Дул береговой бриз, такой тихий, что ни одной рябинки не видно было на черной безмолвной воде моря. Лунная дорожка покойно протянулась на юг, верно, до самых берегов Турции. Изредка слышался вблизи плеск тяжелых рыбачьих лодок да мелькали выше их бортов красные огоньки папирос.
И была мне мила и близка женщина, похожая сразу и на русалку из сказки, и на ту бесшабашную девчонку из конной атаки, у которой синие глаза и еще никому не отданное сердце.
Расстались мы незадолго до полного света. Перед тем, как разлучиться, тесно посидели молча.
Наконец она сказала:
– Наговорились славно и помечтали вместе. Отчего же нельзя было тогда, в первую нашу встречу? Ведь не по две молодости живем...
Опустила голову к коленям, сказала, почти удивляясь:
– Вот уйдешь и не увижу, может, больше.
– Тогда нельзя было, – запоздало возразил я. – Сама б могла догадаться.
– Почему же? Ведь глупо.
– Не глупо. Снисхожденье обижает людей. Счастье бывает только у равных. Теперь, видишь, мы на равной ноге. Прощай или до свидания, – как хочешь...
– Добрый тебе путь. Напиши, когда вернешься домой. Нет на земле легкого счастья, это я поняла уже.
Я шел у спокойного моря, выкинув из заплечного мешка журналы, рубаху, оставив там только башмаки и записки, – все, что мне удалось накопить за годы бродяжничества.
На море колебались алые блики, ветерок приносил легкий смоляной запах лодок, и на душе было грустно, как всегда бывает грустно, когда смотрят вслед не безразличные тебе глаза.
СЛУЧАЙНАЯ СПУТНИЦА
– Любовь – это только сказка или, может, мечта, – резко сказала женщина, рассматривая пену за кормой.
Потом перевела рассеянный взгляд на стаю дельфинов, шедшую в кабельтове от нас, и вяло улыбнулась:
– Мужчина нужен женщине и женщина – мужчине. Кто станет спорить?

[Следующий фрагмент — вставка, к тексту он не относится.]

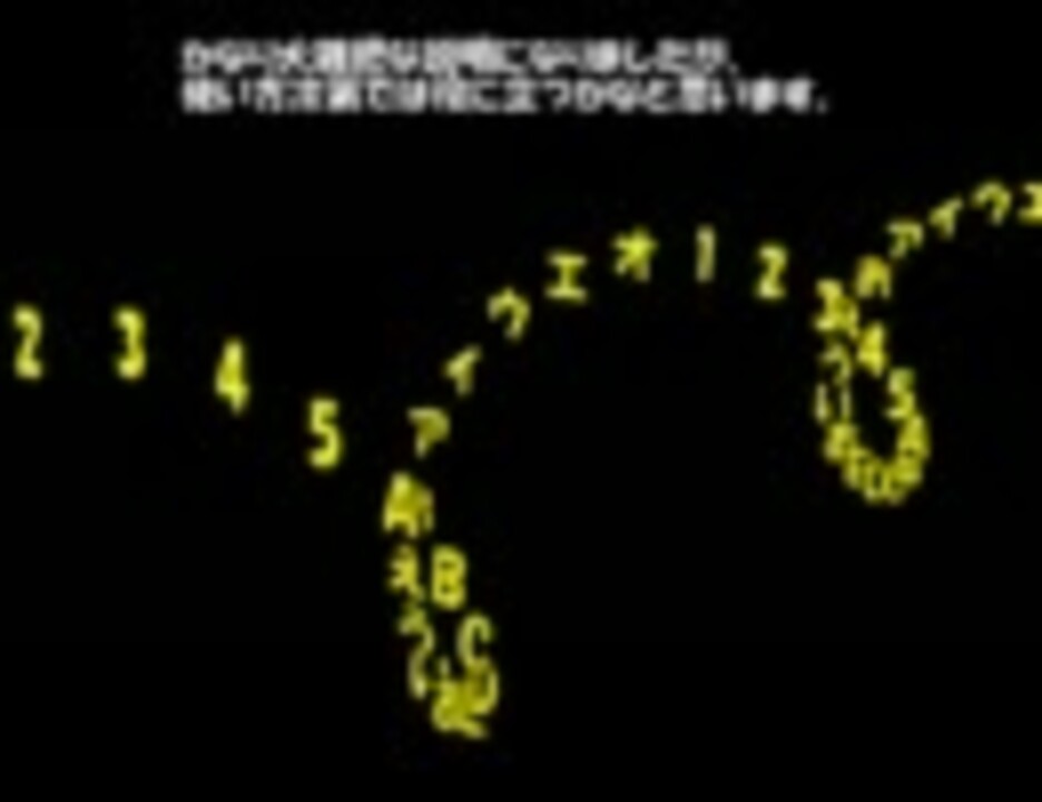 AviUtlの拡張編集で文字列を螺旋状に並べるためのアニメーション効果用luaスクリプトです。<br />詳細説明は動画および同梱のreadmeを見て下さい。<br /><br />2011.2.9追記<br /> 機能追加などを行なった新しいスクリプトを<a href="https://www.nicovideo.jp/watch/sm13546528" class="watch">sm13546528</a>で公開しましたので、そちらを使うようにして下さい。<br /><br />この動画で説明しているスクリプトファイル(非推奨ですが一応残しておきます。)<br /> → <a href="http://www1.axfc.net/uploader/File/so/58017.zip" target="_blank" rel="noopener nofollow">http://www1.axfc.net/uploader/File/so/58017.zip</a> <br /><br />■使用したツールのバージョン<br /> AviUtl 0.99i8 + 拡張編集 0.87d<br /><br />■参考<br /> ・AviUtl愛好会コミュ(co556462)<br /> ・さつきさんのユーザ記事 <a href="http://dic.nicovideo.jp/u/2787743" target="_blank" rel="noopener nofollow">http://dic.nicovideo.jp/u/2787743</a> <br />

Но – любовь?.. Самое пылкое чувство – это всего-навсего то, без чего земля может опустеть от человека.
Она постучала согнутым пальцем по сигарете, сбивая пепел, и заключила убежденно:
– Я и не спорю. Такая выдумка нужна: она скрашивает нам жизнь и, если угодно, облагораживает ее. В этом польза сказок о любви.
Мне не хотелось спорить со случайной спутницей. Было отчетливо видно, что в жизни ее преследовали неудачи, и она возвела свою частную беду во всесветное правило.
Но раздражал тон этой женщины, ее рыжие лакированные ногти, тень презрения и недоброжелательства в вялых бесцветных глазах.
И я спросил ее грубовато:
– Может, бог сэкономил на вашем сердце?
Рядом с ней сидел человек непонятного возраста, ему можно было дать и двадцать, и тридцать лет. У него был вздернутый нос, влажные выпуклые губы, над которыми висели тонкие азиатские усы. Все его лицо казалось слепленным из разных частей, плохо пригнанных друг к другу. Чужеродной казалась и шапочка, красовавшаяся на затылке. Такие круглые шапочки, вероятно, носили французские франты еще до войны.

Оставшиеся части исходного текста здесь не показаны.